§ Requirement
When you reach the line containing "例えば「Pretty Gir", begin reproducing the material exactly, stop after the line containing "Di dalam rumah, terdapat", and leave out any pictures along the way.

==== Entries provided

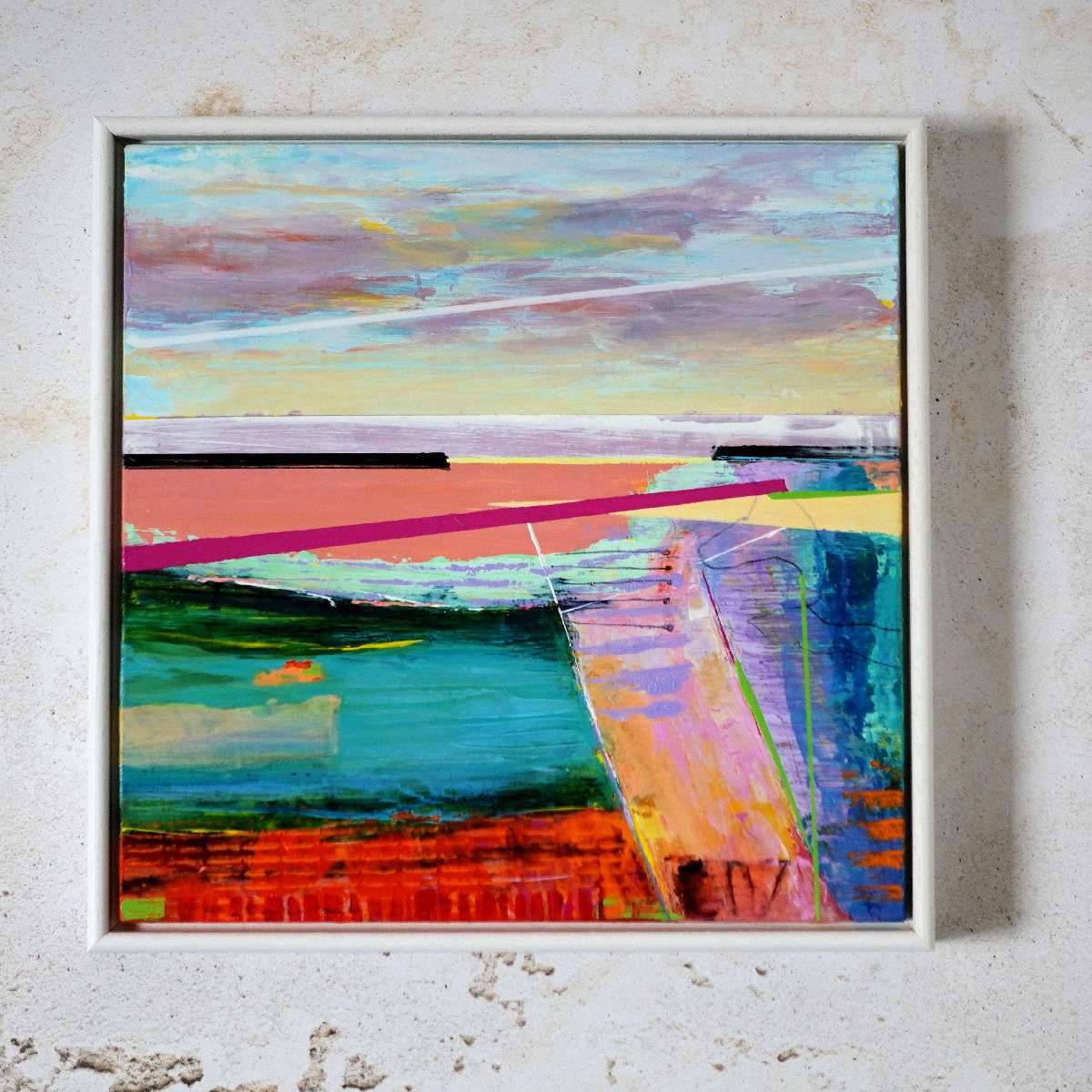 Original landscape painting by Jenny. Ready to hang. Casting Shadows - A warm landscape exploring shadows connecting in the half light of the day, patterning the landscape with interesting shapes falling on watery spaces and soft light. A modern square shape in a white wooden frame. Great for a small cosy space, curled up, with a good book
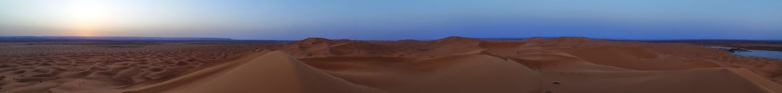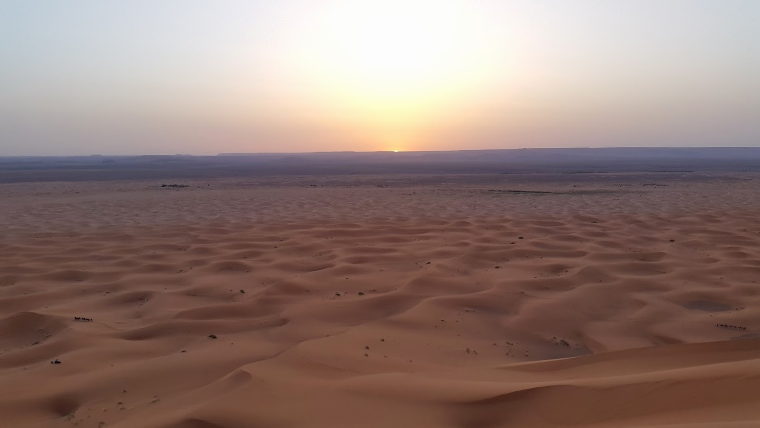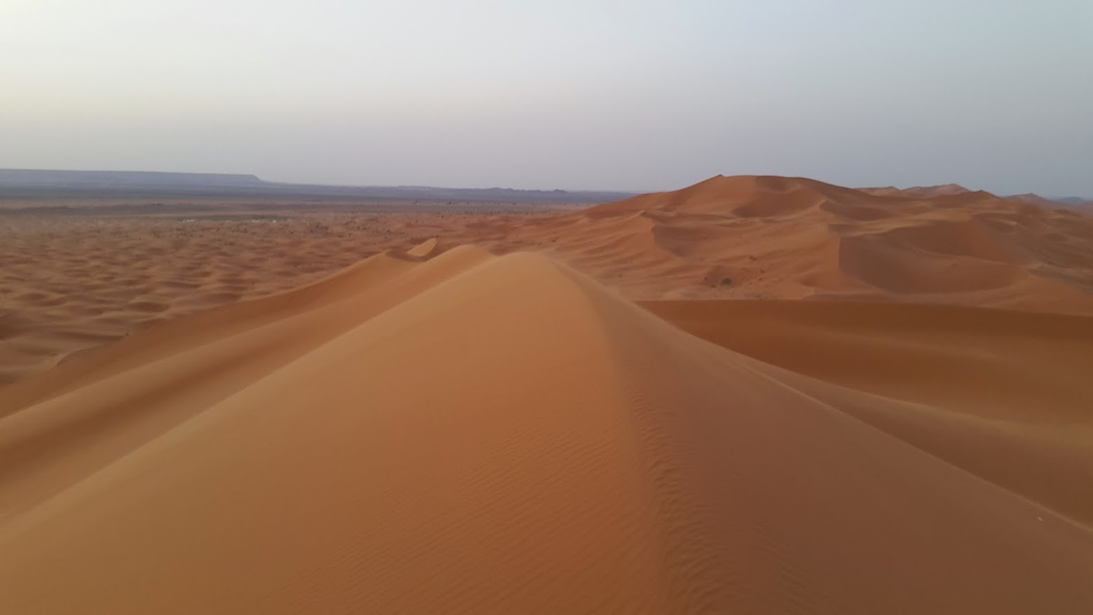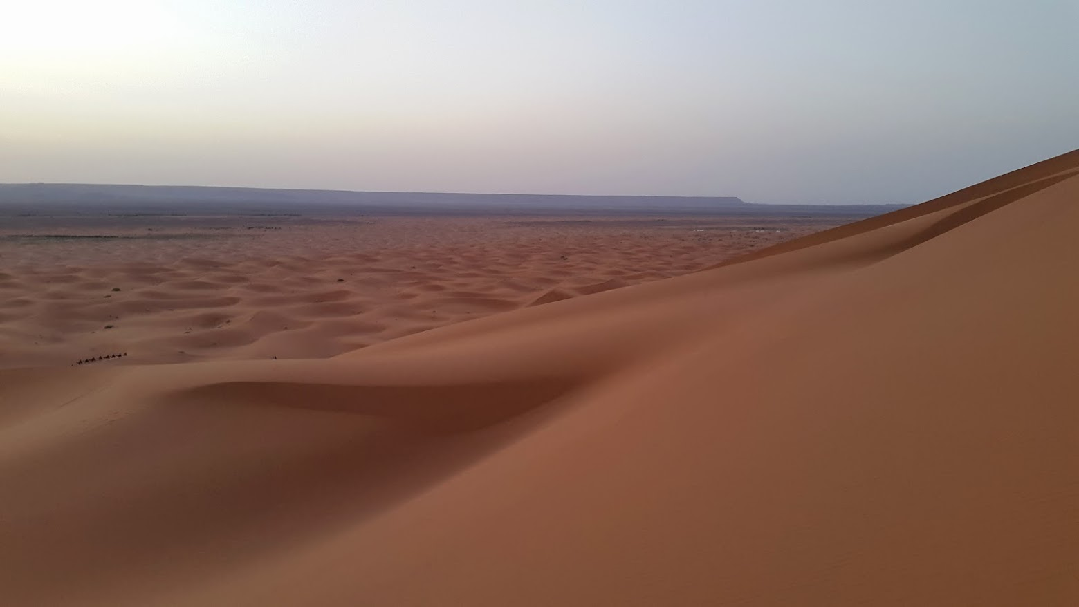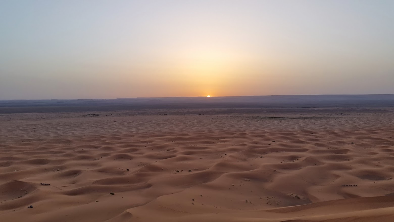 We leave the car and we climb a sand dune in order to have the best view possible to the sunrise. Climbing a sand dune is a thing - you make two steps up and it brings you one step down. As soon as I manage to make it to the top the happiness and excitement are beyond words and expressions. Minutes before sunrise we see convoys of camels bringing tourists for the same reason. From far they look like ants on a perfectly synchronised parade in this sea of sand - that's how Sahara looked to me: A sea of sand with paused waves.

========
==== Entries provided

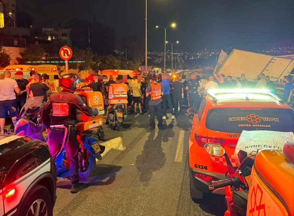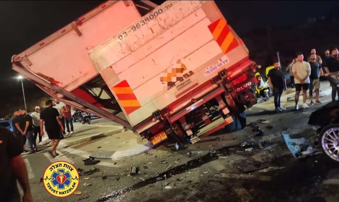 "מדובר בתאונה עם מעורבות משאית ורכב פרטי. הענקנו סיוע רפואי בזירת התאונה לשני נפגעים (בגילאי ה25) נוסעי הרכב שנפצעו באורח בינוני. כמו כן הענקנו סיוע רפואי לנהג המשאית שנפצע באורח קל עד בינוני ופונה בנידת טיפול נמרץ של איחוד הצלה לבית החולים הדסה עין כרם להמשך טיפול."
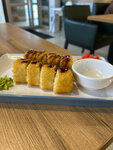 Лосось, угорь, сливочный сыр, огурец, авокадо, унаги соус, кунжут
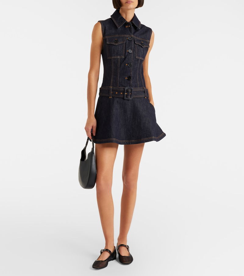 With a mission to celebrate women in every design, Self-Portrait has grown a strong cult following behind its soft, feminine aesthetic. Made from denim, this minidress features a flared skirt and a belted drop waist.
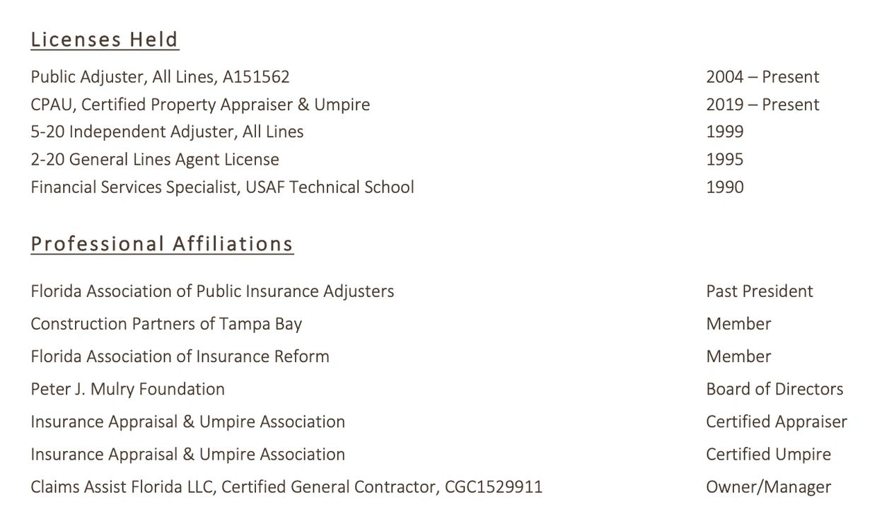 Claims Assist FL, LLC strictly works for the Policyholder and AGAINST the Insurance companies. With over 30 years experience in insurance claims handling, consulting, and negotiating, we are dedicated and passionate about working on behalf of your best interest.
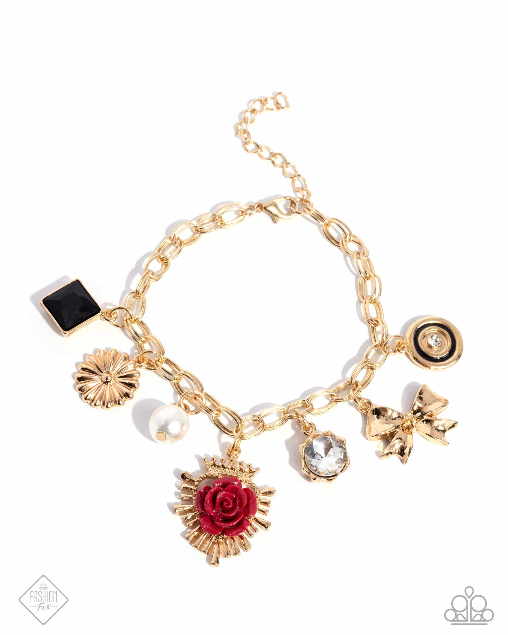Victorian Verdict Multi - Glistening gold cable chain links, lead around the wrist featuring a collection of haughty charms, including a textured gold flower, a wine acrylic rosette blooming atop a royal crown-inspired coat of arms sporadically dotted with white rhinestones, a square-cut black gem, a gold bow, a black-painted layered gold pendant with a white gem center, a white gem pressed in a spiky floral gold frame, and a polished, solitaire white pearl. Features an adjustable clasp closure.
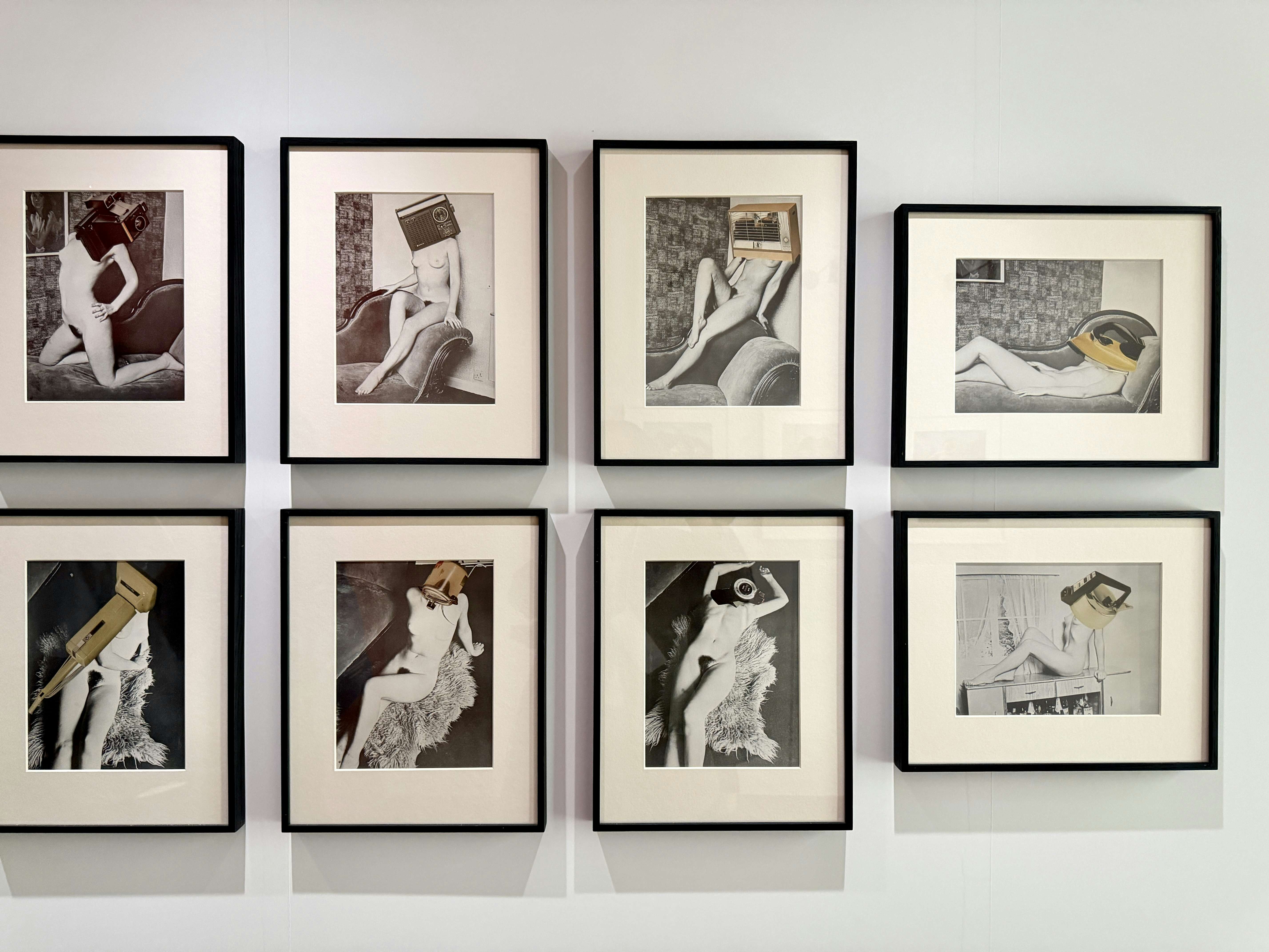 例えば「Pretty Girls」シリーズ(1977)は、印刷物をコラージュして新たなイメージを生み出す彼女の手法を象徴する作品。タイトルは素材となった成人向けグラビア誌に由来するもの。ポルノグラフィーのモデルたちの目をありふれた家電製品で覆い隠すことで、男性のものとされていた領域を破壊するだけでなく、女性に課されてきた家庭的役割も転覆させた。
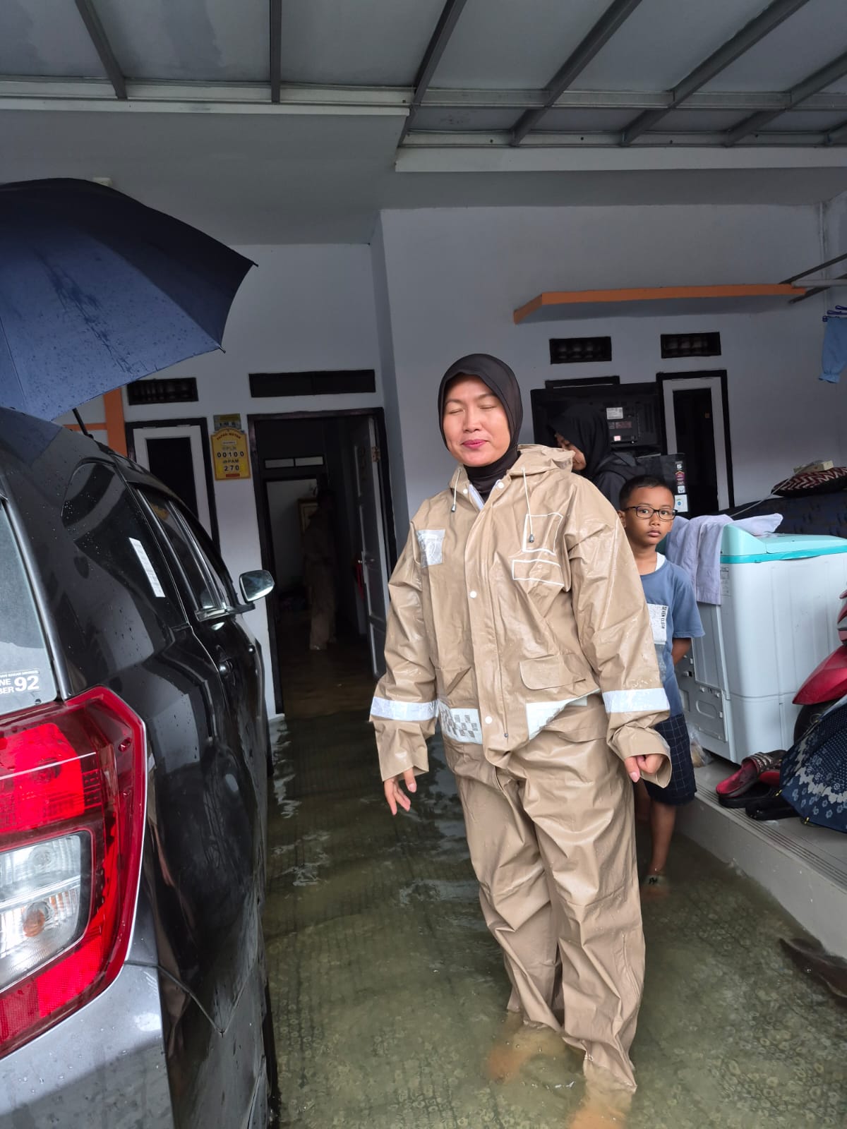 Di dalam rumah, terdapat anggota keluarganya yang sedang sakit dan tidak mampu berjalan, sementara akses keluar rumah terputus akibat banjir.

========

§ Answer to the exercise
 例えば「Pretty Girls」シリーズ(1977)は、印刷物をコラージュして新たなイメージを生み出す彼女の手法を象徴する作品。タイトルは素材となった成人向けグラビア誌に由来するもの。ポルノグラフィーのモデルたちの目をありふれた家電製品で覆い隠すことで、男性のものとされていた領域を破壊するだけでなく、女性に課されてきた家庭的役割も転覆させた。
 Di dalam rumah, terdapat anggota keluarganya yang sedang sakit dan tidak mampu berjalan, sementara akses keluar rumah terputus akibat banjir.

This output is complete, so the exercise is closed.